Shadow IT – Tradeoff between frictionless user experience and being responsible with AAD V2

Introduction

First let me begin with ‘What is meant by Shadow IT ?’. In a broader view shadow IT is, any sort of IT usage without the direct governance of IT department of your organization.

Sometimes this remains as a violation of the company policies, but the proliferation of the cloud SaaS applications and BYOD trends makes shadow IT an unavoidable practice.

100-cloudtweaks-comic

A simple example would be a cloud based file sharing application used in an organization which is not officially approved by the IT.

In most cases organizations are not aware of the tools used by their employees and shadow IT usage. Only 8% of the organizations are aware of their shadow IT usage.

percentage shaow it

Taken from – Cloud Adoption Practices & Priorities report 2015 : Cloud Security Alliance.

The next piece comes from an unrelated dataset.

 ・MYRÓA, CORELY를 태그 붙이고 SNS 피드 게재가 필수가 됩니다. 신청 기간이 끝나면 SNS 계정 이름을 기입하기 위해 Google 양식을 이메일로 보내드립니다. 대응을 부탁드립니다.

In my opinion there are two major reasons which fuel the increasing shadow IT practices. First, when employees have higher and diversified devices than the ones available at work. Secondly when they find sophisticated SaaS tools than the ones available at work.

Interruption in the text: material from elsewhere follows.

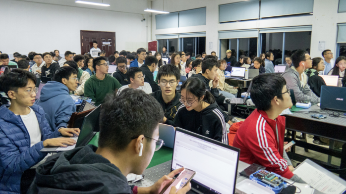 16:20,授课准时开始。首先,技术部干部庄毅同学细致地对上节课的知识进行了复习,并与同学们进行了互动。然后,根据同学们对C语言的了解情况,技术部干部曹子健同学对C语言知识进行了一定的介绍。接下来,曹子健同学为大家讲解了如何点亮一个LED灯,并让同学们了解了如何制作流水灯、走马灯及如何用按键控制灯的亮灭。最后,技术部各位干部耐心地为同学们解答疑惑并了解了大家的学习情况。至此,电子科技园技术部第二次授课圆满结束。

Another notable reason is – communication between contextual boundaries, like departments, SBUs and other companies – people tend to use cloud based SaaS tools either for convenience or due to some already existing shadow IT practices of a party.

How to with AAD V2

So, what is the importance in software development in shadow IT ? –  One of the projects I’m involved with has been going through the transformation of being an internal system to a public system. We decided to open this up as a SaaS tool that anyone with a Azure Active Directory (AAD) credential can use it.

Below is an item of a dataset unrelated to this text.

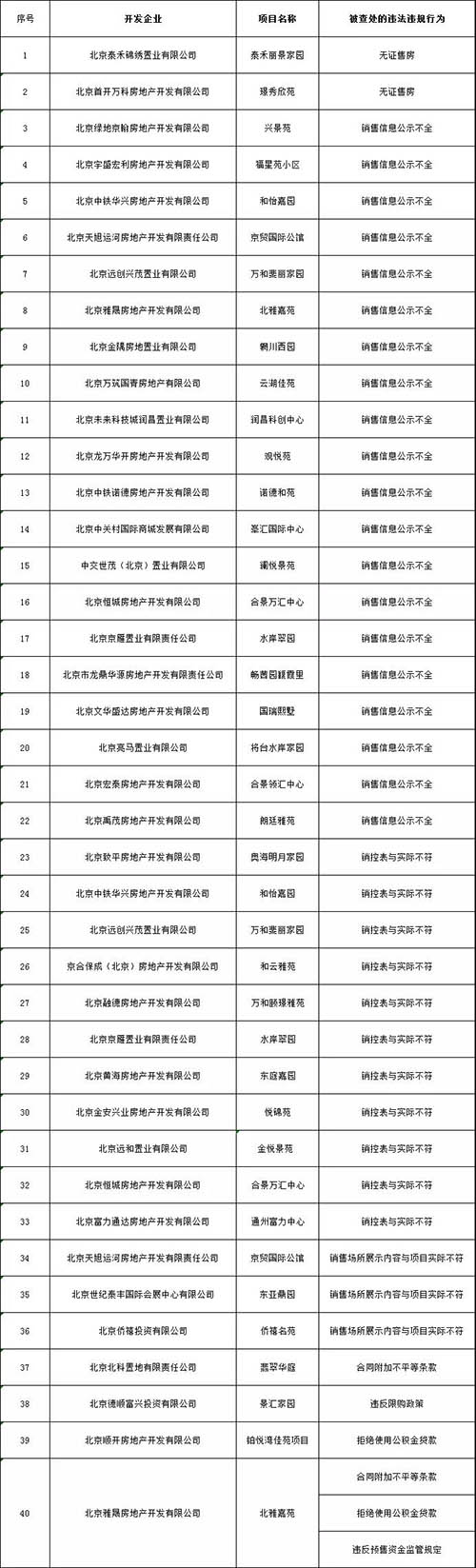 除此之外,對北京首開萬科房地產(chǎn)開發(fā)有限公司違規(guī)預(yù)售璟秀欣苑項(xiàng)目,北京未來科技城潤昌置業(yè)有限公司未按規(guī)定在潤昌科創(chuàng)中心項(xiàng)目銷售場所明示所售房屋相關(guān)信息等22家存在違法違規(guī)問題的開發(fā)企業(yè)立案處罰。

Behind the scenes the application has rules to track the user, tenant, recurrence of the tenant, other users in the tenant and the list grows. But anyone with a valid AAD account can simply create an account and start using it. This makes the application a perfectly fitted candidate in Shadow IT. It’s a perfect Shadow IT tool.

As SaaS provider we want many users as possible using our system, after all we charge per transaction 🙂

  • The application is registered as a AAD V2 app in the home directory.
  • We removed the friction in the enrollment by keeping only the minimal delegated permission (User.Read) in the app.

But in order to provide more sophisticated experience inside the application we require access to AAD and read permissions on other users. In order obtain this we thought of an approved shadow IT practice via application permissions.

  • We added the admin privileges to the application permissions, and generated application secrets.

The configured AAD V2 app principle look similar to the below one.

b1.PNG

In the experience point of view, we trigger the typical following normal AAD login URL for the user login. We trigger the organization endpoint (restrict the Microsoft accounts) with the following URL. (You can try the URL)

https://login.microsoftonline.com/organizations/oauth2/v2.0/authorize?client_id=412e0485-15f1-4df6-be94-25ce5fcc62db&response_type=id_token&redirect_uri=https://localhost:8080&scope=user.read openid profile&nonce=3c9d2ab9-2d3b-4

This will popup the login and after the successful validation of the credentials you’ll see the following consent screen.

b3

User accepts the consent and she’s inside the SaaS application Shadow IT begins here. In order to get the additional rights we allow the user to inform her IT administrator and ask for additional permission.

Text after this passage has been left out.